Schmalfette was published in the book Lettera (1954) which Haettenschweiler had written with Armin Haab. The Lettera series collected lettering designs (mostly hand-painted) and original designs, and was often used by designers as a source of inspiration.

An early reuse of the design was in the German young peoples' magazine Twen. Microsoft's history of the font, possibly written by Robert Norton (see below) notes that after Lettera 4 was published the design 'was immediately picked up by designers at Paris Match who cut up pictures of it to make headlines' until it was publicly released. Similar methods were also used by British designers, as it was not available in Britain.

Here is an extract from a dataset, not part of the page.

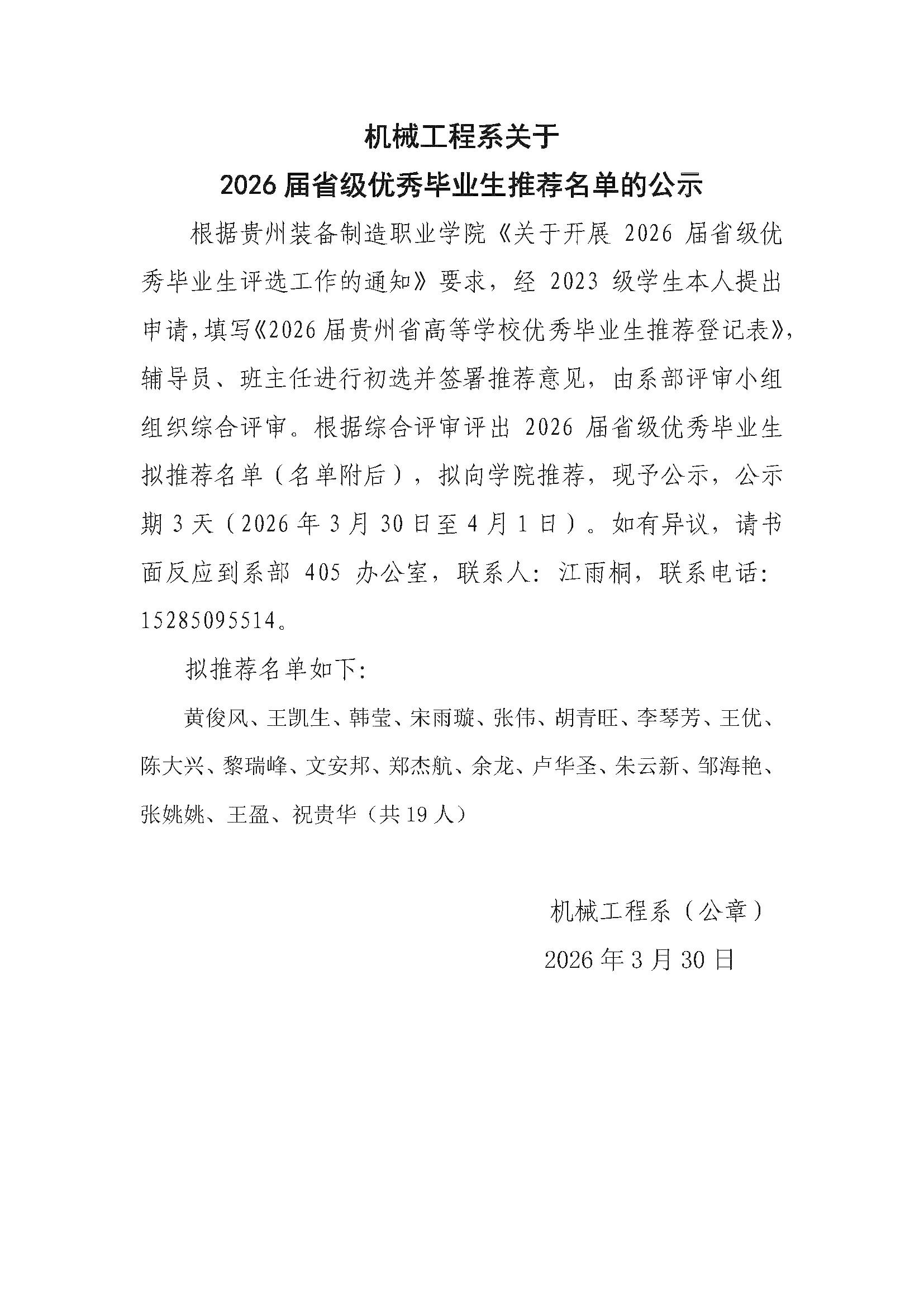 机械工程系关于 2026届省级优秀毕业生推荐名单的公示

==Adaptations and digitisation==
According to Microsoft's release notes, the Haettenschweiler font in common modern use descends from a later phototypesetting adaptation by the company Photoscript, who created a lower-case for it; its owner Robert Norton would later become Microsoft's font consultant and may also have written Microsoft's unsigned article on its history. The font Haettenschweiler now bundled with much Microsoft software is a digitisation credited to Eraman Ltd. and Monotype Imaging. Haettenschweiler himself did not receive royalties for the design, and commented: "I never received a single cent, but at least they named it after me."

==Aesthetic==
Haettenschweiler's highly compact, tightly spaced and industrial design is a prominent example of the aggressive, menacing style of graphic design that despite its poor legibility was popular in the 1960s and 70s, and was often used for purposes besides newspapers, such as book covers.

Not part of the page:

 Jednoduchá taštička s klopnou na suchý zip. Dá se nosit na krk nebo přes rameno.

This type of design has been criticised for having low legibility in smaller point sizes, in situations with low contrast between background and text colours, or at a distance, with (for example) 8 and 9 seeming very similar. Counters are minimal and normally fully enclosed, a common feature of 'Grotesk' typefaces, while apertures are very narrow. This folded-up effect gives it a striking appearance at the cost of legibility. The problems are particularly large in a lower-case (which, as previously noted, Haettenschweiler himself declined to design), where the fine detail of the characters mean that strokes run closer together than in the capitals.

==Related typefaces==
Several fonts were created in the same style in the early-to-mid 1960s, including Helvetica Inserat and British imitators Compacta and Impact. Haettenschweiler has narrower characters than Impact. Geoffrey Lee, who designed Impact in 1963, wrote that "many of us admired the vitality and colour of what we knew only as Schmalfette, and used it by old-fashioned cut and paste. Use was limited as it was never made in metal as far as I know, and existed then in capitals and numerals only." Lee wrote that a motivation for designing Impact was to allow a similar design to be used by British designers, since at the time continental metal type was expensive and complex for British companies to license and use. He also commented that he felt that the lower-case characters added were not so useful: "Later someone added (or found) a lowercase for its new existence. I personally find the style lacks the attractive feel of the caps." Matthew Carter would later design Helvetica Compressed for similar reasons.

A number of alternative digitisations of Schmalfette exist. A custom digitisation is used for the American television show Charlie Rose for branding. Another is "Schmalfette CP", by CounterPoint Type Studio.

==Usage==
A 2010 Princeton University study involving presenting students with text in a font slightly harder to read found that they consistently retained more information from material displayed in fonts perceived as ugly or disfluent (Monotype Corsiva, Haettenschweiler, and Comic Sans Italic) than in a simpler, more traditional font like Helvetica.

It is used in the Nottingham Forest logo, with a modified R and a lowercase E at upper-case height.

The font is also seen in the Cartoon Network show The Powerpuff Girls, as the text was used for the end credits and promos for the show.

==Bibliography==
- Haettenschweiler, Walter and Armin Haab. Lettera 4: a standard book of fine lettering. Hastings House, 1972.